Regardless of the occurrence or non-occurrence of any of the circumstances set forth above, if for any reason, supplies of the product deliverable under this Agreement or of the feedstock from which the product is directly or indirectly derived from any of EM's then existing sources of supply are curtailed or cut off, EM shall have the option during such period of curtailment or cessation to apportion fairly among its customers including EM Affiliates and whether under contract or not,  such product as may be received in the ordinary course of business or manufactured at EM's plant.

EM shall not be obliged to purchase or otherwise obtain alternative supplies of product deliverable under this Agreement, or the feedstock from which product directly or indirectly is derived.  Nor shall EM be obliged to settle labour disputes, run down inventories below normal levels, adapt or vary its manufacturing plan except at its own sole discretion, or to take any steps other than in accordance with good business practice to make up inadequate supplies or to replace the supplies so curtailed or cut off.  EM shall not be obliged to make up deliveries omitted or curtailed under this Agreement.  Any such deficiencies in deliveries shall be cancelled with no liability to either party, it being agreed, however, that a force majeure situation hereunder shall not entitle either party to cancel this Agreement.

17. In case of any material breach of the terms and conditions contained in the Agreement by one of the parties, the other party may, without giving prior written notice or without undertaking any recourse to legal proceedings, suspend its further performance, terminate the Agreement or require specific performance by the other party of the Agreement in whole or in part, without prejudice to its right to damages for any losses incurred subject to Article 14.

18. Neither party may assign this Agreement without the written consent of the other party save in the case where such assignment is to an EM Affiliate and prior written notice has been given to the Buyer.


 
 

 


19. EM informs Buyer that any information or data communicated by Buyer may be subject to data processing for the purpose inter alia of enhancing services quality, keeping accounts, and Buyer's records, invoicing, product supply. Such information and data may be transferred, communicated to or otherwise accessed by any EM Affiliates some of which may be located outside the territory of the European Union. According to applicable law, Buyer has a right of access and rectification of its personal data by sending a letter to EM.

20. Notwithstanding any other provision in this Agreement or any other document, neither this Agreement nor any other document shall constitute an agreement by EM to take any action or refrain from taking any action that is in conflict with, penalized under or compliance with which is prohibited by US law or regulation.

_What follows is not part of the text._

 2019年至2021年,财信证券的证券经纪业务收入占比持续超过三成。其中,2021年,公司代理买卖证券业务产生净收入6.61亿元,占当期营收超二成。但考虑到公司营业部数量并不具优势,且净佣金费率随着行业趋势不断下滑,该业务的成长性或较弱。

21.a.  This Agreement between EM and Buyer shall be governed by the laws of Belgium (excluding its rules on conflict of laws). Neither the Uniform Law on the International Sale of Goods ('ULIS'), nor the United Nations Convention on Contracts for the International Sale of Goods 1980 ('CISG') shall apply.
21.b.(i) If Buyer's registered office is located within the territory of the European Economic Area ('EEA'), any disputes between EM and Buyer arising out of or in relation to this Agreement shall be of the exclusive jurisdiction of the Courts of Antwerp.
21.b.(ii) If Buyer's registered office is located outside the territory of the EEA, any disputes arising out of or in relation to this Agreement shall be finally settled under the CEPANI Rules of Arbitration by three (3) arbitrators appointed in accordance with said Rules. The seat of the arbitration shall be Brussels. The arbitration shall be conducted in the English language.











































 
 

 







ATTACHMENT H
The West Pharmaceutical Services and
ExxonMobil Chemical Company/Affiliates 2011-2013 Global Supply Agreement

GENERAL TERMS AND CONDITIONS OF SALES
ExxonMobil Chemical France S.A.R.L. (hereafter referred to as "EM")

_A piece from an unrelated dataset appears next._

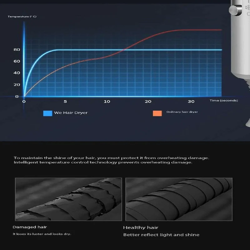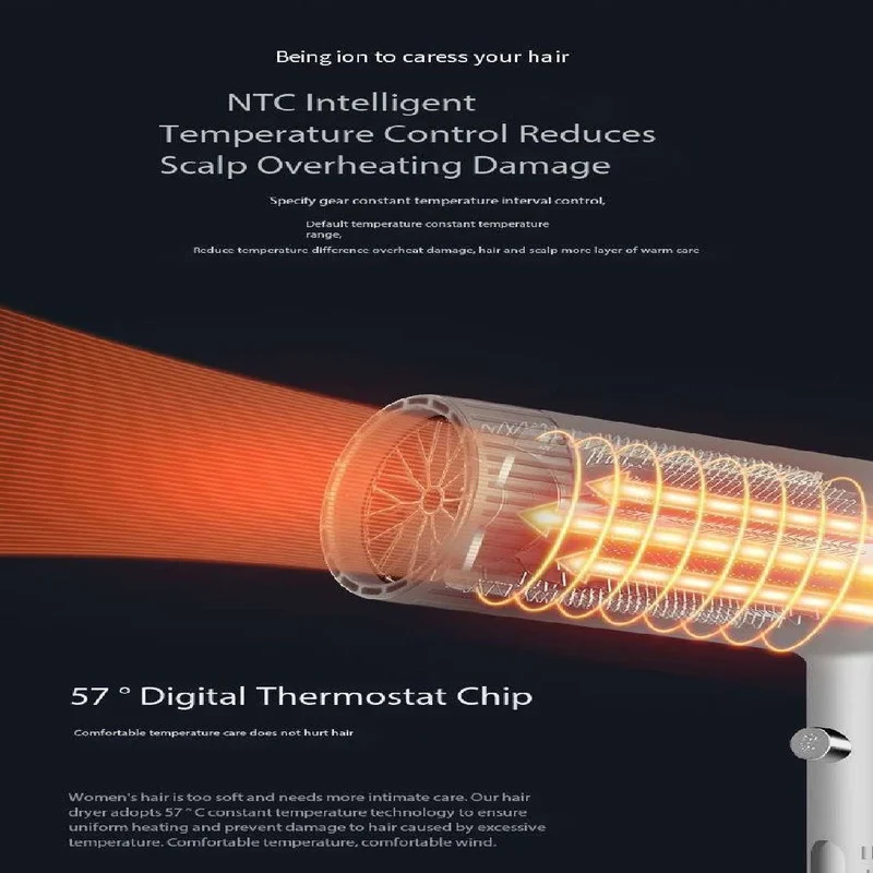 در این سشوار از تراشه های ترموستاتیک 57 درجه استفاده شده است ، این تراشه های از داغ شدن بیش از حد سشوار جلو گیری میکند تا از آسیب رسیدن به موها به خصوص موهای بانوان که لطیف تر هست جلوگیری کند .

1. Agreement(s) as used herein shall mean any order confirmation issued by EM or any other contractual arrangement between EM and Buyer.  These general terms and conditions shall apply to and form part of all Agreements. The Agreement constitutes the complete and entire understanding and agreement between EM and Buyer. No other general terms and conditions will have an effect on the Agreement. Deviations from the Agreement, including these general terms and conditions, shall be valid only if expressly agreed in writing by the parties. In the event of a conflict between these general terms and conditions and the terms of an EM order confirmation, the latter category shall prevail.

2. RETENTION OF TITLE. All references to Incoterms shall mean ICC Incoterms 2000. Risk will transfer as per Incoterms but EM retains title of the product until full payment of the price (including accessories) of the product.

3. EM will use reasonable efforts to meet the planned delivery date which shall be deemed to be only approximate.

4. If Buyer is responsible for the transport of products, Buyer shall ensure that the means of transport is clean and dry, suitable for loading and carrying the products, and complies with the safety standards of EM and with the legal standards for such means of transport. In case of non- or incomplete compliance with the above requirements, EM will be entitled not to load or cause to load this means of transportation, without any obligation to compensation.

5. If delivery takes place on reusable pallets (regardless of whether they are property of EM), Buyer will maintain these pallets in good condition and make them available on request for collection by or on behalf of EM.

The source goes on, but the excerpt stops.